I’m configuring Jackrabbit 2.3.6 and I need to index binary files (PDF,
ODT). So I’ve configured SearchIndex in repository.xml according to
http://wiki.apache.org/jackrabbit/Search. But when I insert file into repository and try to full-text
search, no results are returned.
Then I noticed warning in logs:
SearchIndex.java:2087 The textFilterClasses configuration parameter has
been deprecated, and the configured value will be ignored: org.apache.jackrabbit.extractor.PlainTextExtractor,org.apache.jackrabbit.extractor.PdfTextExtractor,org.apache.jackrabbit.extractor.OpenOfficeTextExtractor
How do I have to configure SearchIndex to index binary data? Now I am
doing it like this, which is deprecated and didn’t work according to aforementioned warning:
<SearchIndex class="org.apache.jackrabbit.core.query.lucene.SearchIndex">
<param name="path" value="${rep.home}/repository/index"/>
<param name="textFilterClasses"value="org.apache.jackrabbit.extractor.PdfTextExtractor,org.apache.jackrabbit.extractor.OpenOfficeTextExtractor"/>
<param name="supportHighlighting" value="true"/>
</SearchIndex>
Thanks for replies.
This is the answer to similar question from Mark Herman from Jackrabbit Users mailing list:
I’m not an expert but what I do know that JR uses Tika to extract text, and
it determines how based on the jcr:mimeType property.
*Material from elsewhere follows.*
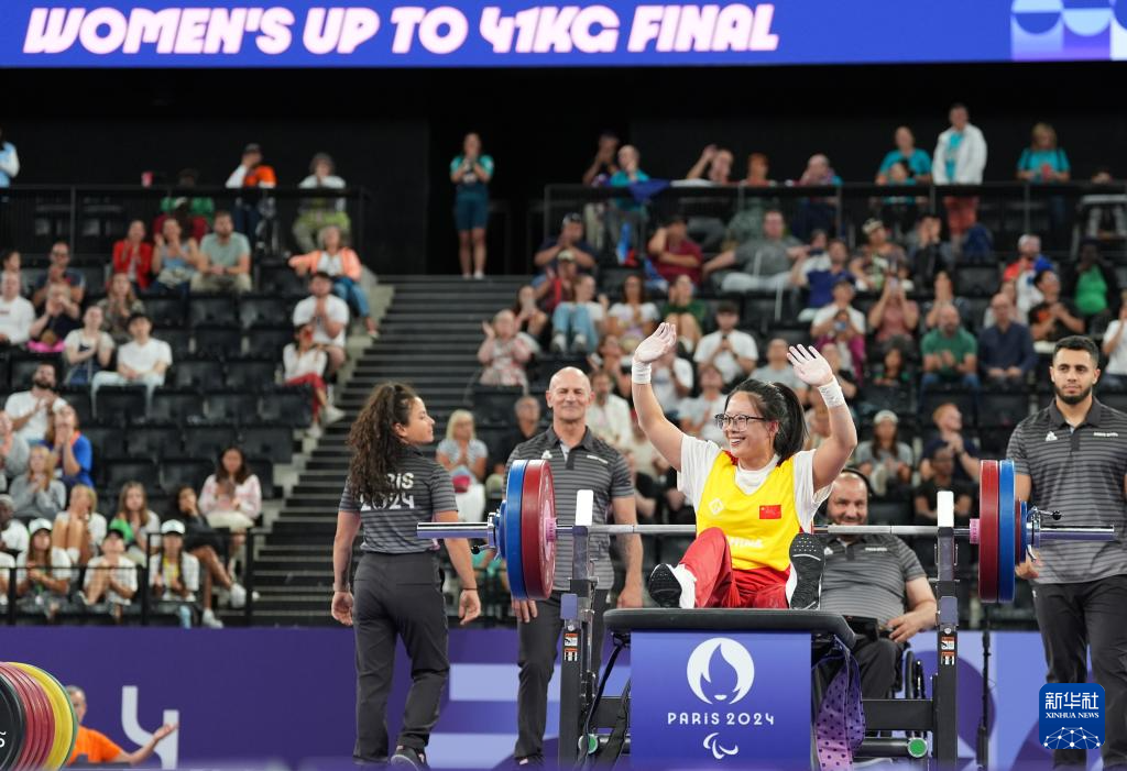 当日,在巴黎残奥会举重女子41公斤级比赛中,中国选手崔哲以119公斤的成绩夺得冠军。

If you don’t supply
mimetype, then it won’t know how to extract it (although I wouldn’t
recommend that as a practice). I believe there is a way to supply JR with a
Tika config that might give you what you want. EDIT: There isn’t. It’s hardcoded.
Additionally you can specify a indexing config in the repository/workspace
xml files that you can set some rules on what gets indexed and how by
lucene.